Advertisement

Jump in GDP Comes With Warning

Share
Reuters

WASHINGTON -- U.S. economic growth spurted ahead in the third quarter, powered by brisk consumer spending, the government said Thursday. But analysts warned that slowing sales of cars and other goods have already sapped much of the momentum.

Indeed, three other reports Thursday pointed to a weakening economy, boosting the odds of another interest-rate cut when Federal Reserve policymakers meet Wednesday.

In the government’s first estimate of third-quarter growth, the Commerce Department said gross domestic product, which measures the total value of goods and services produced within U.S. borders, advanced at a 3.1% annual rate in the three months from July to September. That was a rebound from the anemic 1.3% pace of the second quarter.

Advertisement

Analysts said the report, while showing the economy still was growing, highlighted the uneven pace of recovery from last year’s recession and left a clear path for further Fed rate cuts -- even with the central bank’s benchmark short-term rate already at a 40-year low of 1.75%.

The government’s report acknowledged that much of the third-quarter advance came from brisk spending on new cars and trucks, as automakers offered a variety of incentives, including free financing, to lure buyers to showrooms.

The report showed consumer spending overall grew at a 4.2% annual rate in the quarter, up from a 1.8% rate in the second quarter.

But car sales slowed in October and may be harder to revive in coming months, some experts warned.

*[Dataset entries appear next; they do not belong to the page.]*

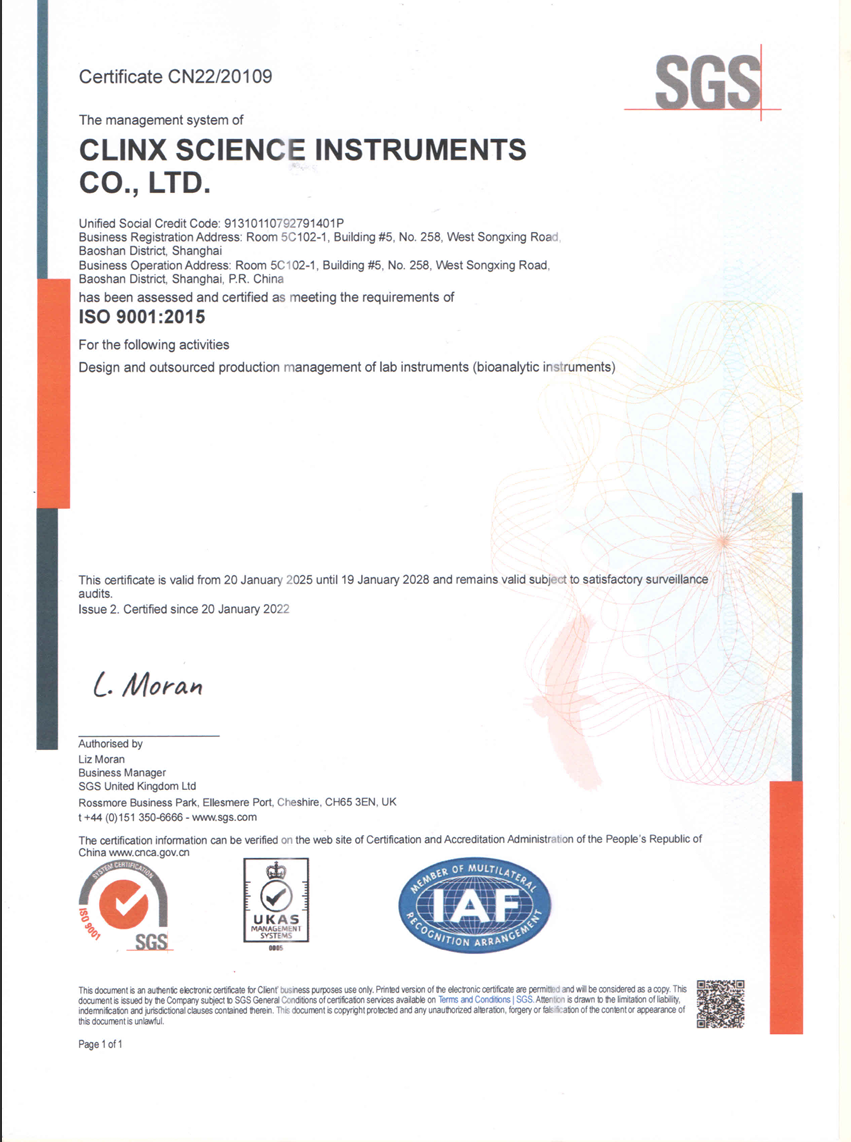 Clinx勤翔成立于2006年,是一家集研发、生产、销售、服务为一体的高新技术企业,致力于为生命科学领域提供专业的生物成像系统及图像分析解决方案,主要产品线包括小动物活体成像系统、植物活体成像系统、荧光及化学发光成像系统、凝胶成像系统、电泳仪器和试剂等。公司于2015年荣获高新技术企业殊荣,2019年入选上海“专精特新”企业,2024年成为上海泰坦科技股份有限公司(股票代码688133)控股子公司。Clinx勤翔产品深受国内外各大院校、科研机构和生物制药公司的信赖,我们秉持“精于品质、专于服务、勇于创新”的经营理念,以用户需求为中心,通过持续创新的产品和技术服务,优化用户使用体验,帮助科研工作人员提升科研效率、获取可靠实验数据,助力全球生命科学研究。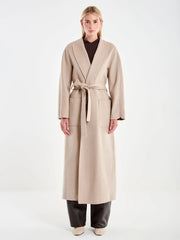 Long shawl coat in a wool blend. Lapel collar and long sleeves. Front patch pockets. Self-fabric belt closure.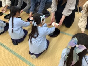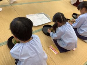 礼儀を大切にしながら、お菓子をいただいているうちに、お茶をたてます。もう、慣れた手つきでみんなお茶をたてています。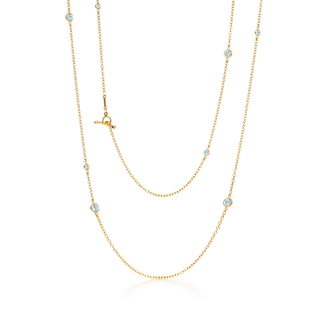 Tiffany round diamonds catch the light and make it dance. Sprinkle necklace in 18k gold with 12 round brilliant diamonds. 36″ long. Carat total weight 1.21. Original designs copyrighted by Elsa Peretti.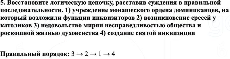 5. Восстановите логическую цепочку, расставив суждения в правильной последовательности. 1) учреждение монашеского ордена доминиканцев, на который возложили функции инквизиторов 2) возникновение ересей у католиков 3) недовольство мирян несправедливостью общества и роскошной жизнью духовенства 4) создание святой инквизиции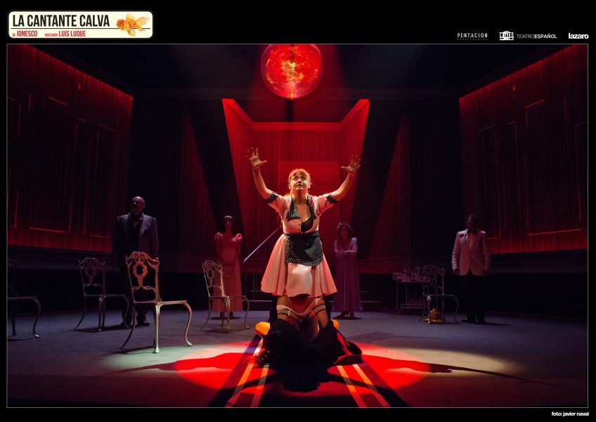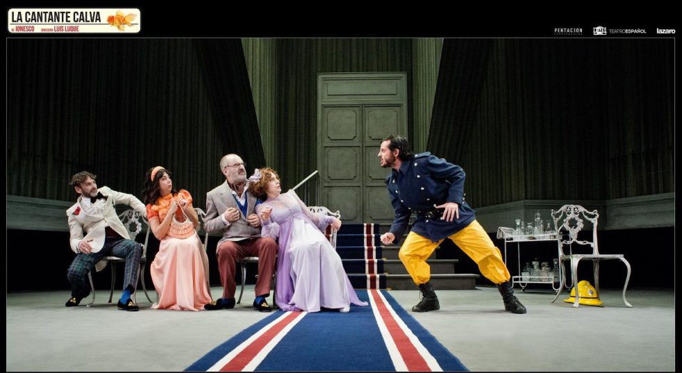 La versión que nos llega ahora, estrenada en 2017 en el Teatro Español de Madrid, dirigida por Luis Luque, cuenta con un reparto de lujo: Adriana Ozores, Joaquín Climent, Fernando Tejero, Helena Lanza, Javier Pereira y Carmen Ruiz que son el reclamo para el gran público que acudirá atraído por sus nombres y se encontrará con esta obra sinsentido, adaptada a nuestros días por Natalia Menéndez que sigue descolocando con sus situaciones absurdas y diálogos inconexos, que me alegro de haber visto, aunque reconozco que no es mi tipo de teatro, ya que puestos a hablar del teatro del absurdo me quedo mucho antes con el de Jardiel Poncela, del que hablábamos hace unos días a raíz de la reposición de “Cuatro corazones con freno y marcha atrás“.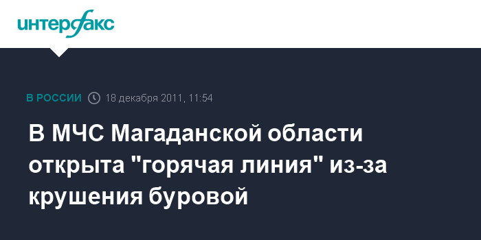 Владивосток. 18 декабря. INTERFAX.RU - При ГУ МЧС по Магаданской области открыта "горячая" телефонная линия для родственников тех, кто находился на борту буровой "Колькое", затонувшей в Охотском море. "По предварительной информации, на борту плавучей буровой платформы "Кольское", перевернувшейся 18 декабря 2011 года в Охотском море, находились жители Магаданской области", - говорится в сообщении колымского ГУ МЧС.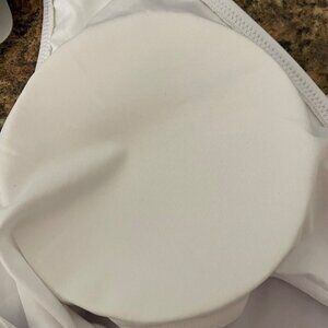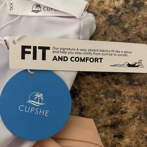 Stay vibrant by the water in this Cupshe colorblock one-piece swimsuit, size XXL. Featuring a stylish wrap front with a flattering tie waist, this suit blends shades of peach, orange, and white for a playful summer look. Made with 4-way stretch fabric and removable padded cups for all-day comfort and support. New with tags attached.

“The economy is losing steam,” economist Sung Won Sohn of Wells Fargo Bank in Minneapolis said. “The zero-percent financing is like antibiotics; the market needs a stronger and bigger fix to maintain the current level of sales.”

Commerce Secretary Don Evans said that a number of influences were depressing consumers’ spirits, from anger over corporate accounting scandals to worry about the effect of possible war with Iraq.

Advertisement

Separately Thursday, a Labor Department report showed initial claims for unemployment benefits jumped by 16,000 to 410,000 in the week ended Oct. 26, indicating a weakening job market.

In a third report, the Labor Department said its employment cost index -- measuring what employers pay in wages, salaries and benefits -- rose at a 0.8% rate during the third quarter, slowing from 1% in the second quarter.

Meanwhile, a report on Chicago-area manufacturing showed that activity contracted for a second consecutive month in October, and at a faster pace than expected.

There were some signs in the GDP report that suggested businesses might be starting to modestly raise investment spending -- something economists say is vital to keep some economic momentum going.

Nonresidential private investment -- spending on factories and equipment -- edged ahead for the first time in two years. Within that category, spending on equipment and software increased for a second straight quarter during July-September, rising at its fastest pace since 2000’s second quarter.

But a survey issued Thursday by the National Assn. for Business Economics said the 108 businesses it polled did not expect to boost hiring in coming months, and many were cutting their spending plans.

Advertisement

NABE’s president, Tim O’Neill, said it was not an entirely bleak view of the future but it indicated caution: “There is a somewhat more pessimistic view about where the economy is going in the near-term, but there’s no sense of panic.”